WASHINGTON, January 8 (Sputnik) — The United States has yet to determine whether those responsible for the attack at a satirical Parisian magazine Charlie Hebdo on Wednesday had any links to an established terrorist organization, White House spokesperson Josh Earnest told reporters following the attack.
“We’re still trying to figure exactly…who is responsible for this attack in Paris, what their motivations are,” Earnest said. “But as a general matter we are very mindful of the threat from foreign fighters and the threat and the need to try to counter some of the extremist ideology that ISIL [the Islamic State] is propagating using some pretty sophisticated social media strategies.”
“There is no legitimate act of journalism, however offensive some people might find it, that justifies an act of violence, particularly an act of violence on the scale that we saw today. None,” Earnest said.
According to Earnest, the US is working closely with Muslim leaders who, around the world, condemn the kind of attacks similar to the one in Paris at the Charlie Hebdo newspaper headquarters.
US President Barack Obama spoke with French President Francois Hollande on Wednesday offering condolences to his country, and said that the United States was committed to offering resources to help bring the terrorists behind the attack to justice.
On Wednesday, three masked men opened fire at the Charlie Hebdo headquarters and killed 12 people, 10 of whom were journalists and two police officers. The magazine’s editor Stephane Charbonnier is among those killed in the attack.

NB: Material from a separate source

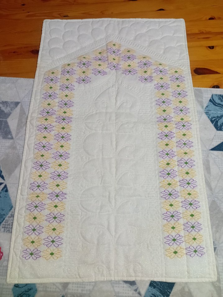 simli kumaş üzerine işlemeli seccade el emeği
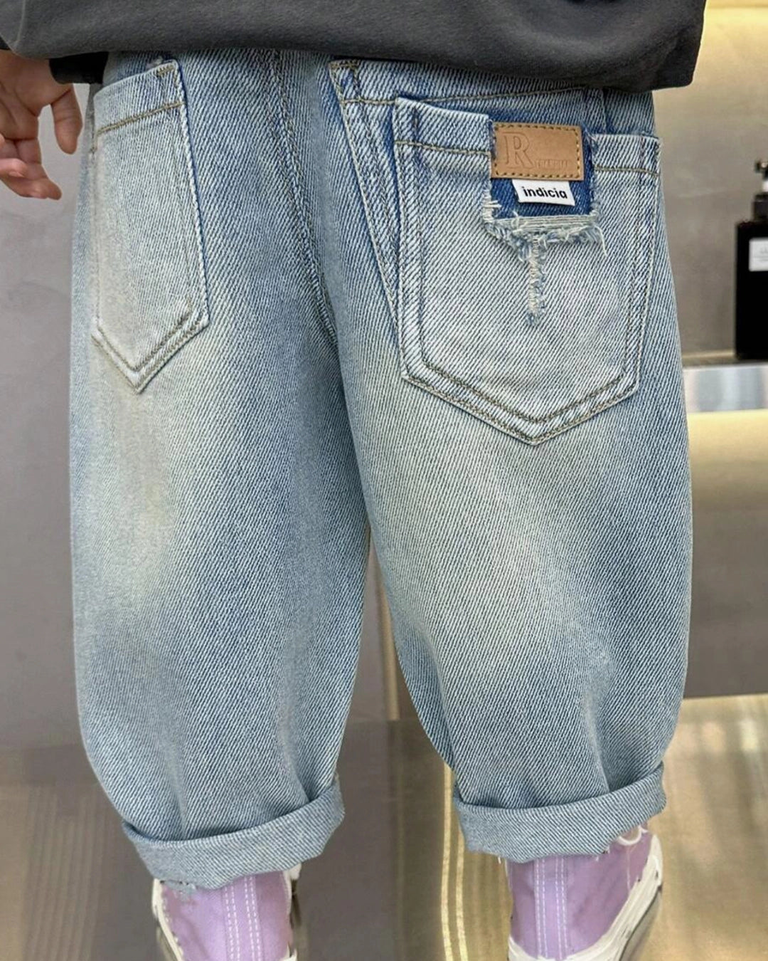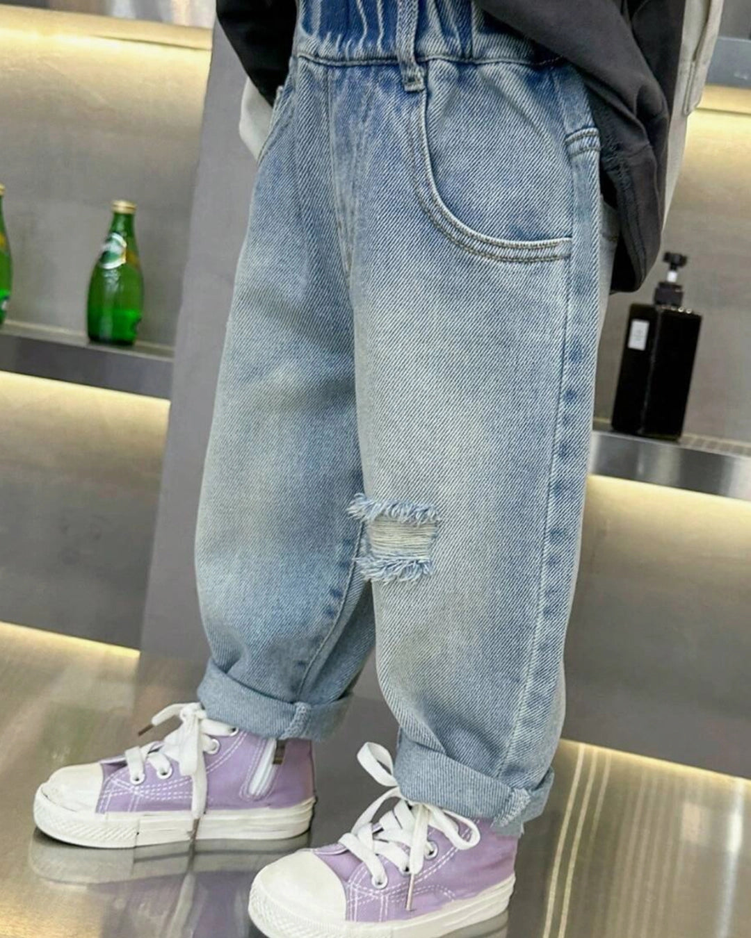 Simple and stylish distressed jeans for boys. Lightweight denim, perfect for everyday wear in spring and summer. Easy to match with tees and sneakers.

According to various French media outlets, the suspects are Frenchmen of Algerian origin, ages 18, 32 and 34. Two of them returned to France from Syria in the summer of 2014.
Charlie Hebdo has been involved in other controversies involving radical Islamic fundamentalists. The magazine’s previous office was fire-bombed in 2011 after publishing controversial cartoons depicting the prophet Muhammad.